======== INFORMATION SUPPLIED ========

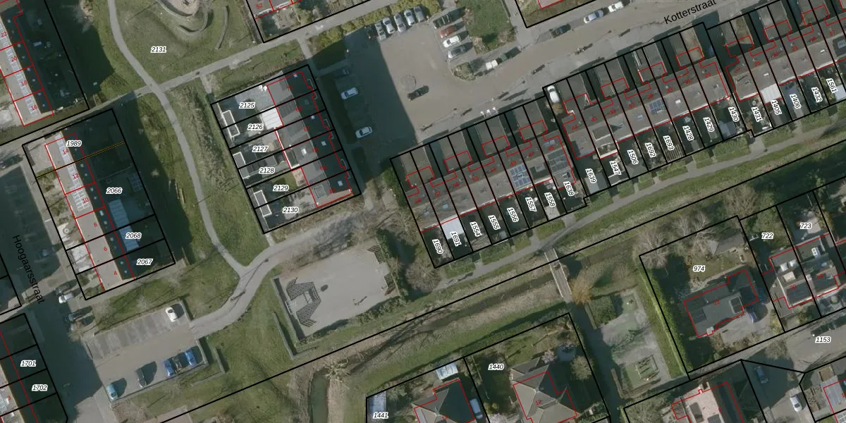Het perceel waarop Kotterstraat 59 staat heeft een oppervlakte van 140 m². Dit is een middelgroot perceel. De perceeloppervlakte wordt geregistreerd door het Kadaster. Gedetailleerde informatie over de maten van dit perceel kunt u vinden in het rapport Kadastrale kaart met maatvoering van Kotterstraat 59.
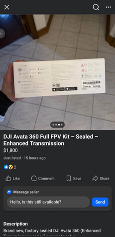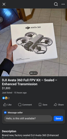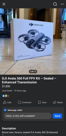 On the other hand, a Redditor has spotted someone selling the Avata 360 on Facebook Marketplace. Although the Facebook Marketplace does not show the drone itself, the pictures provided corroborate the retail box design visible in Xdrones Studio's image. Currently, leakers like Jasper Ellens believe that the Avata 360 will debut next month in China. Pricing is rumoured to be starting at CNY 2,988 (~$435); a global launch could occur in early April.
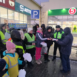 Сотрудники Госавтоинспекции провели беседы со взрослыми и детьми , а ЮИДовцы и ЮПИДовцы помогали раздавать тематические памятки - листовки и световозвращающие элементы.
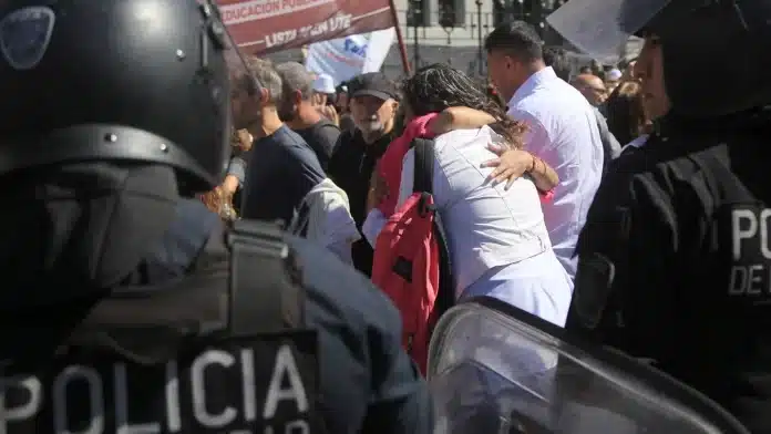 En el marco del paro nacional docente convocado por la Confederación de Trabajadores de la Educación de la República Argentina (CTERA) en defensa de la educación pública, el derechos social a la educación, nuestros salarios y la jubilación docente -a 17 años de la represión policial en Neuquén en la que la policía provincial fusiló al docente Carlos Fuentealba- el jefe de gobierno porteño Jorge Macri desplegó un fuerte operativo policial frente al Congreso, cercando a la movilización y avanzando sobre las personas a bastonazos y arrojando gas pimienta.

========

## [TASK BRIEF]
Reproduce the entire listing above precisely, but keep the images out.

## [ANSWER BELOW]
Het perceel waarop Kotterstraat 59 staat heeft een oppervlakte van 140 m². Dit is een middelgroot perceel. De perceeloppervlakte wordt geregistreerd door het Kadaster. Gedetailleerde informatie over de maten van dit perceel kunt u vinden in het rapport Kadastrale kaart met maatvoering van Kotterstraat 59.
 On the other hand, a Redditor has spotted someone selling the Avata 360 on Facebook Marketplace. Although the Facebook Marketplace does not show the drone itself, the pictures provided corroborate the retail box design visible in Xdrones Studio's image. Currently, leakers like Jasper Ellens believe that the Avata 360 will debut next month in China. Pricing is rumoured to be starting at CNY 2,988 (~$435); a global launch could occur in early April.
 Сотрудники Госавтоинспекции провели беседы со взрослыми и детьми , а ЮИДовцы и ЮПИДовцы помогали раздавать тематические памятки - листовки и световозвращающие элементы.
 En el marco del paro nacional docente convocado por la Confederación de Trabajadores de la Educación de la República Argentina (CTERA) en defensa de la educación pública, el derechos social a la educación, nuestros salarios y la jubilación docente -a 17 años de la represión policial en Neuquén en la que la policía provincial fusiló al docente Carlos Fuentealba- el jefe de gobierno porteño Jorge Macri desplegó un fuerte operativo policial frente al Congreso, cercando a la movilización y avanzando sobre las personas a bastonazos y arrojando gas pimienta.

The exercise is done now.